# General > Technical Support >  wifi

## Mr P Cannop

how can i fix my wifi signel ?? as i keep losing my signel ??

----------


## susie

Did you get your wifi sorted?

I have trouble with my signal sometimes and I do all sorts to make it settle down. One thing that works fairly well is to switch of the router thingy and give it a rest for a few minutes, my one seems quite warm sometimes ( maybe going through a midlife crisis ).

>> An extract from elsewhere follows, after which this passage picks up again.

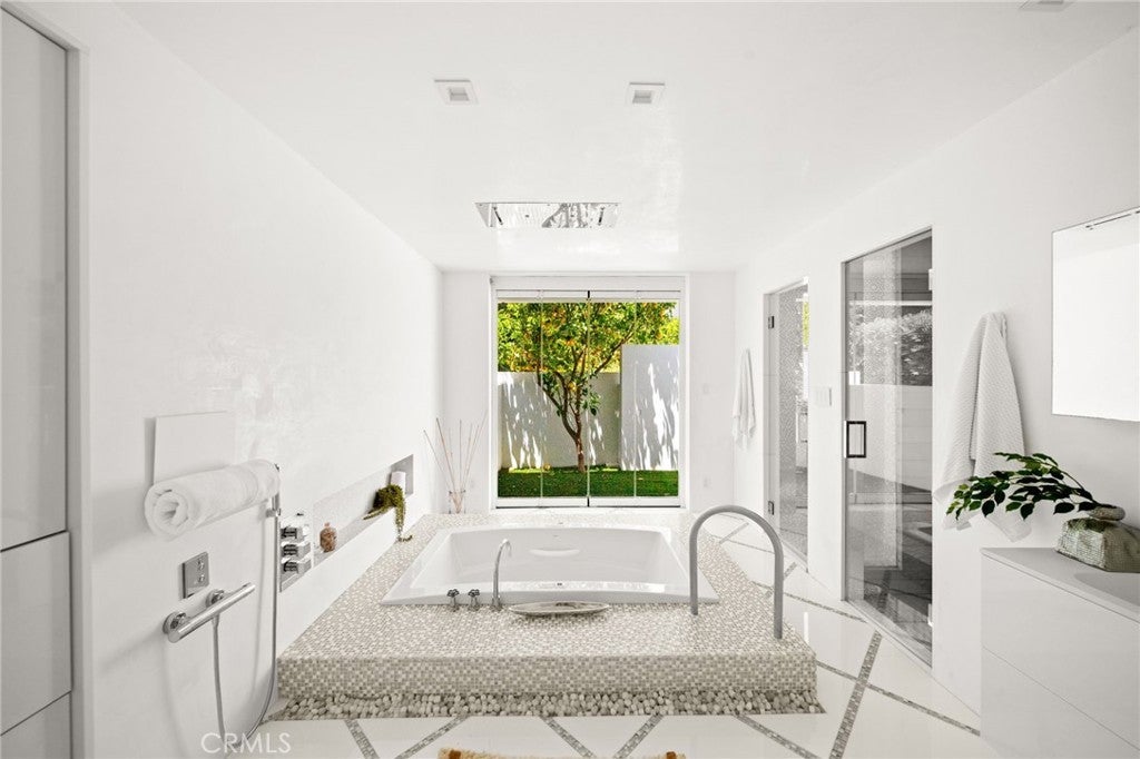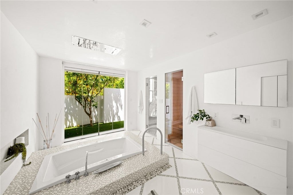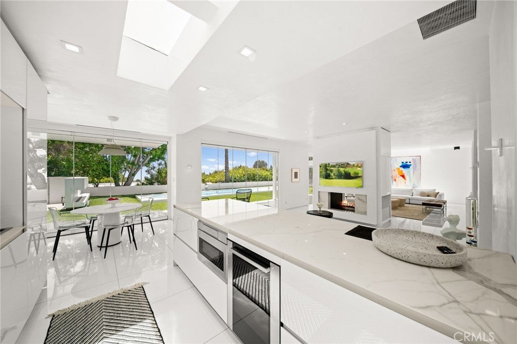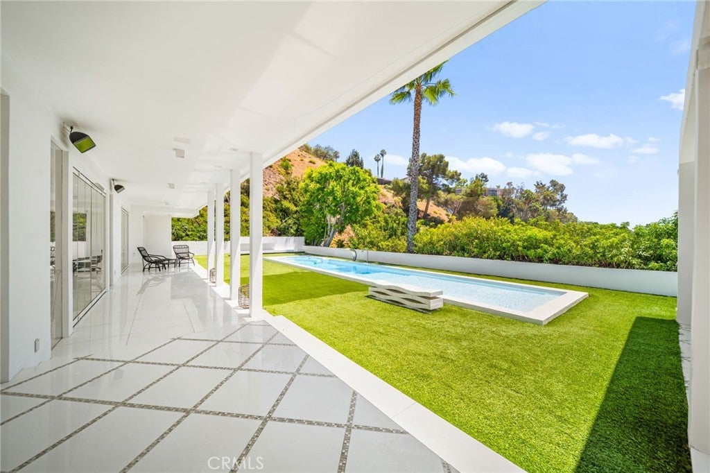 The pinnacle of luxury awaits at this exceptionally private residence in Trousdale Estates. Designed for the most discerning tastes, this oasis offers an unparalleled lifestyle. Inside, find quartz flooring throughout, Venetian plaster, custom Italian doors and skylights. The floor-to-ceiling glass walls fully open, seamlessly connecting to the outdoor pool and showcasing the 180-degree city and ocean views below. An entertainer's dream, the property boasts multiple outdoor lounges, an outdoor shower, and even an outdoor bonus room, all amidst lush landscaping and a tranquil courtyard. The interior features opulent bedrooms and bathrooms, a chef's kitchen with adjacent service kitchen and a living room with a double-faced fireplace. An elevated dining room sets the stage for exquisite meals. Indulge in the spa soaking tub, steam room and sauna. With every detail perfected for your enjoyment, you'll want for nothing in this lavish home.

I'd be interested to know how you got on though.

Cheerio.

----------


## kosacid

it might be because you have multiple devices, it some times gets a bit confused and starts dropping and messing about so you can assign fixed ip`s to fix it
go into network and sharing center the click on change adapter settings select the adapter you use to connect to the internet, click on Property's look down the list for internet Protocol Version 4 (TCP/IPv4) click on that now to assign a ip its relay simple
say you rougher ip is 192.168.0.1 enable use the following ip address
IP Address = 192.168.0.2 <------ this is your fixed ip each device get a number at the end so the next device will be 192.168.0.3
Subnet Mask = 255.255.255.0
Default Gateway 192.168.0.1 this is you rougher`s ip

now enable Use the following DNS server address
Preferred DNS server = 192.168.0.1 
then ok it  do it to ever device you have increasing the fixed ip by 1
now every time the signal drops it only takes a sec to reconnect no waiting for it to assign a ip

----------


## susie

Thanks kosacid. I followed your jolly good instructions and am confident things will be better from now on. Cheers.

----------